Assalto em Tancos

Carlos Alexandre quer que MP se pronuncie sobre divulgação das respostas de Costa

Juiz alega violação do segredo de justiça.

Carlos Alexandre quer que MP se pronuncie sobre divulgação das respostas de Costa
Christian Hartmann

O juiz Carlos Alexandre, que dirige a fase de instrução do processo de Tancos, pediu hoje ao Ministério Público para se pronunciar sobre a divulgação na página oficial do Governo do depoimento escrito do primeiro-ministro.

Num despacho desta tarde, Carlos Alexandre refere que os autos se encontram em segredo de justiça externo e que, depois de ter tido conhecimento de que foi publicado na página da presidência do Conselho de Ministros uma cópia das respostas do depoimento escrito de António Costa, que o tribunal recebeu na terça-feira, decidiu notificar o Ministério Público para se pronunciar sobre a divulgação.

O DEPOIMENTO DE ANTÓNIO COSTA

O primeiro-ministro já respondeu, por escrito, às 100 perguntas do juiz Carlos Alexandre sobre o processo de Tancos. António Costa reafirma que não teve conhecimento da encenação montada para a recuperar as armas roubadas. António Costa tinha 15 dias para responder.

O chefe de Governo diz ainda que não teve conhecimento dos contactos realizados pelo ministro da Defesa com o então diretor da Polícia Judiciária Militar.

Nas respostas a que a SIC teve acesso, em quase metade o primeiro-ministro responde apenas "Não" às perguntas do juiz.

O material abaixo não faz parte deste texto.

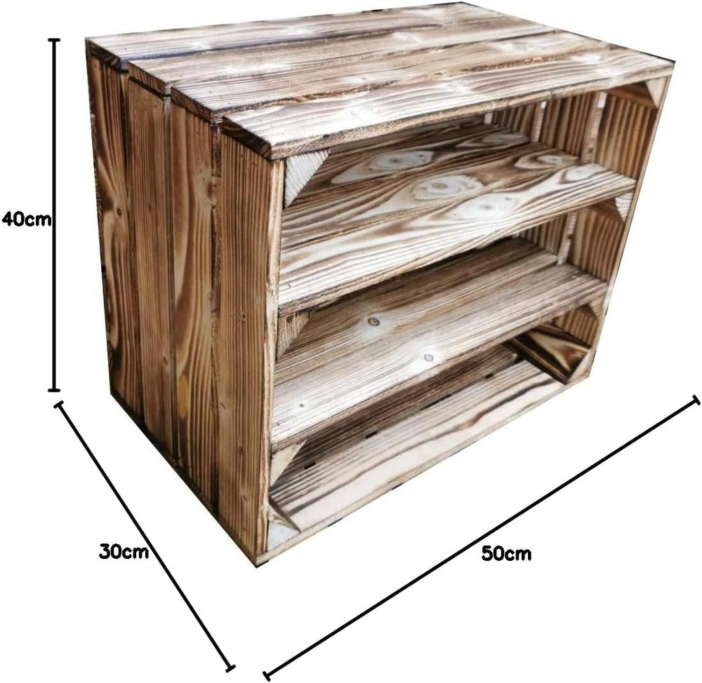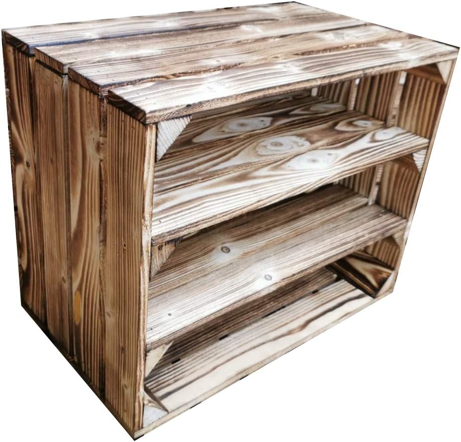 Teramico Massive Holzkisten als Schuhregal/Bücherregal LEICHT GEFLAMMT mit Zwischenbrett (verschraub

Entre as muitas questões, o magistrado pretendeu saber que conversas teve com Azeredo Lopes sobre e aparecimento das armas. O magistrado questionou também se foi o chefe do Estado Maior, o ministro da Defesa ou até mesmo o então diretor da Polícia Judiciária Militar que o informou.

O depoimento escrito de 50 páginas tem data de terça-feira e com carimbo de entrada no Tribunal Central de Instrução Criminal datado de hoje.

PRIMEIRO-MINISTRO CRITICA "VERSÕES PARCIAIS" SOBRE O SEU DEPOIMENTO


O primeiro-ministro entendeu proceder à divulgação pública integral das suas respostas às questões colocadas pelo juiz Carlos Alexandre, no âmbito do processo de Tancos, depois de terem sido "postas a circular versões parciais do depoimento".


"Tendo sido postas a circular versões parciais do depoimento do primeiro-ministro como testemunha arrolada pelo professor doutor José Alberto Azeredo Lopes no chamado "Caso de Tancos", entendeu o primeiro-ministro dever proceder à divulgação pública integral das respostas a todas as questões que lhe foram colocadas e que constam do depoimento já entregue ao Tribunal Central de Instrução Criminal, às 16h22 horas, do dia 4 de fevereiro de 2020", lê-se numa nota divulgada pelo gabinete do líder do Executivo.


Como testemunha arrolada pelo ex-ministro da Defesa Azeredo Lopes, o Conselho de Estado autorizou que o primeiro-ministro pudesse depor por escrito neste processo.